Mike Olszewski, president of the Siegel & Shuster Society, said the show is another opportunity to talk about Superman's Cleveland roots.
"Superman was created in Cleveland by two teenagers. Their names are Jerry Siegel and Joe Shuster," Olszewski said.
Siegel's childhood home, at 10622 Kimberly Avenue, isn't hard to miss. A large "s" sits on the fence line along with a plaque explaining how it all began.
Siegel was a gifted writer. Shuster was a talented artist. The two teamed up in the early 1930s.
"They went to Glenville High School and they had this idea- somehow they knew that this was going to be a big sensation," Olszewski said. "As soon as it got published they were proven right."
The Cleveland Public Library is one place you'll find photographs and artifacts honoring Siegel and Shuster. They sit in the comic book section of the library.
"We think that an entire industry was born in the minds of two teenagers, a billion-dollar industry, in a bedroom in Glenville," Olszewski said.
Olszewski said comic book writer and author Brad Meltzer best summed up Superman's success over the decades.
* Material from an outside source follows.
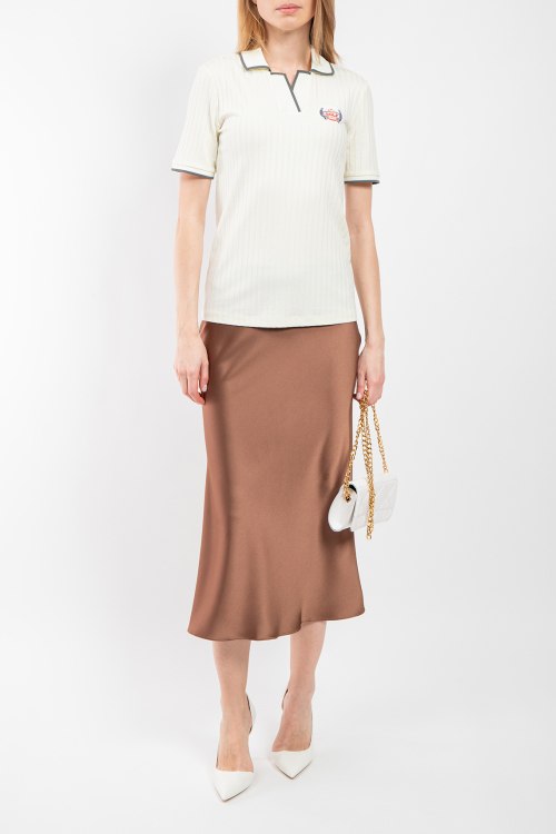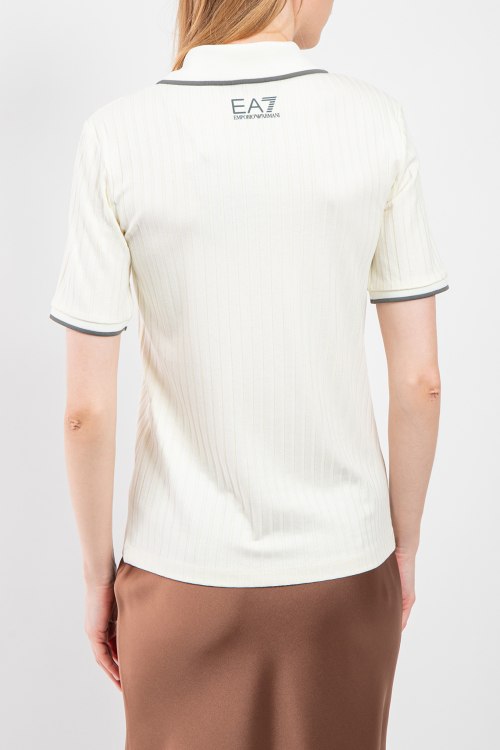 Женский джемпер-поло молочного оттенка из вискозы и полиамида от EA7 Emporio Armani (ЕА7 Эмпорио Армани). Дизайн в рубчик, классический воротник, V-образный вырез горловины, короткие рукава, патч-лого, контрастная окантовка.

"(He said) we all want to be Clark Kent or a lot of us want to be Clark Kent," Olszewski recalled. "We have this gentle demeanor on the outside, but inside we know that we can fight for truth, justice and the American way."
Scott Smith is another person who's excited about the return of Wizard World Comic Con. You'll often find him in a Superman costume as one of the co-founders of the organization Super Heroes to Kids in Ohio.
"I've loved Superman since I was a kid," Smith said. "We go visit kids that are battling that tough fight. Unfortunately, some of these kids are battling cancer and other extreme illnesses. What we do is go there (hospitals) and cheer their spirits up. We have Batman, Ironman, Hulk, Thor and Spiderman. You name it we got it pretty much- every character out there."